Haunted On Bourbon Street

Haunted on Bourbon Street_DeannaChase_12259655



The first third of “Haunted on Bourbon Street” fits, like a glove, one of the more common paranormal formulas. Our female protagonist, now in her twenties, is born with a powerful psychic ability. Branded as a freak, she is bullied and betrayed by classmates and teachers alike. Having an absentee father, she is put in foster care when her mother disappears. Assaulted while in foster care, she barely escapes with her life. Then when she tells her fiancé about her abilities, he viciously dumps her. Sound familiar.

Well, it gets even more familiar. Instead of developing a thick skin and a cover persona to mask her abilities, she wails and flails. She goes into an “Oh, woe is me” pity party for years and becomes the poster child for the “I’m a victim” campaign. Frankly, had this not been Deanna Chase’s debut novel, I would have chucked it in disgust. Flawed characters are one thing, but this girl knows how to use her power and she knows quite well how to shield it. So the whining wimp formula is neither endearing nor plausible.

By the time the next third of the novel has completed the shampoo, rinse and repeat cycle, Chase has revealed even more of Jade Calhoun’s background. I would presume that was done in an attempt to emotionally bind us to her plight and her character. But what happened with me was that I realized the facts of the second section did not jive with those in the first section.

First, Jade is the daughter of a powerful witch and she has known that since toddlerhood. And yet somehow that woman has not taught Jade how to mask her empathic abilities from others? Secondly, Jade should never have been put in the foster care system when her mother disappeared. Her father may have been an unknown quantity, but she had an aunt, who supposedly eventually claimed her. As we learn in the second section, this aunt has highly developed empathic and psychic abilities that work over great distances. They work even to the point of knowing if a person’s energy has disappeared completely. This aunt would probably have known immediately when the mother disappeared and she would have definitely felt Jade’s distress. So the foster care scenario is nothing but a ploy for sympathy, and a poorly staged one at that.

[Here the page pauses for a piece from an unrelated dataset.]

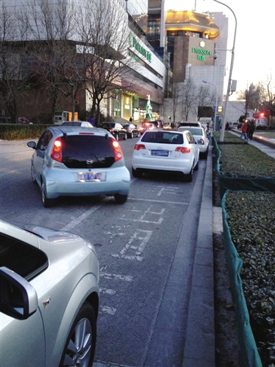 昨日下午,复兴门百盛商场外的马路一侧,出租车位被私家车抢占。新京报记者 卢美慧 摄

Thirdly, the assault that takes place in the foster home is supposedly thwarted by a friend, Dan, who eventually becomes Jade’s fiancé. When he proposes some years after the assault, Jade finally tells him about her empathic ability to read another person’s emotions and he viciously betrays her. While it is a good oh-woe-is-me addition to the formula, it doesn’t make sense. If the foster home were near Jade’s hometown, Dan would have known her reputation from school and shouldn’t have been blindsided. If Dan was from the aunt’s area, he wouldn’t have known about Jade’s history, but she wouldn’t have been in foster care either. She would have been at her aunt’s home.

Frankly, the backstory for Jade Calhoun has more holes in it than a package of Swiss cheese. But, because this was a debut novel and the ghost-haunting subplot was intriguing, I chose to read on.

In the final third of the novel, Deanna Chase finally turns the corner for both Jade’s character and the integrity of the storyline. Jade’s new boyfriend, Kane, is a financial consultant, the owner of the building where she lives and the owner of both the club and the coffee shop where she holds down part time jobs. Kane also has psychic abilities and he confesses to entering Jade’s mind without her permission. Jade is incensed and feels betrayed until she realizes that she has been using her own ability on Kane – without his permission. The word “hypocrite” blazes across her consciousness in red neon letters three feet tall. Unfortunately, the reptilian skin of victimization is not one that is shed so easily. For Jade, it takes time, guilt and the impending death of a good friend to shake that skin loose and to move forward with her abilities and her life.

If you discount the inconsistencies of the backstory and the annoying oh-woe-is-me formula, the remainder – the love story and the haunting – is top notch. Unfortunately, the reader is supposed to use suspension of disbelief with the paranormal part, not the reality part.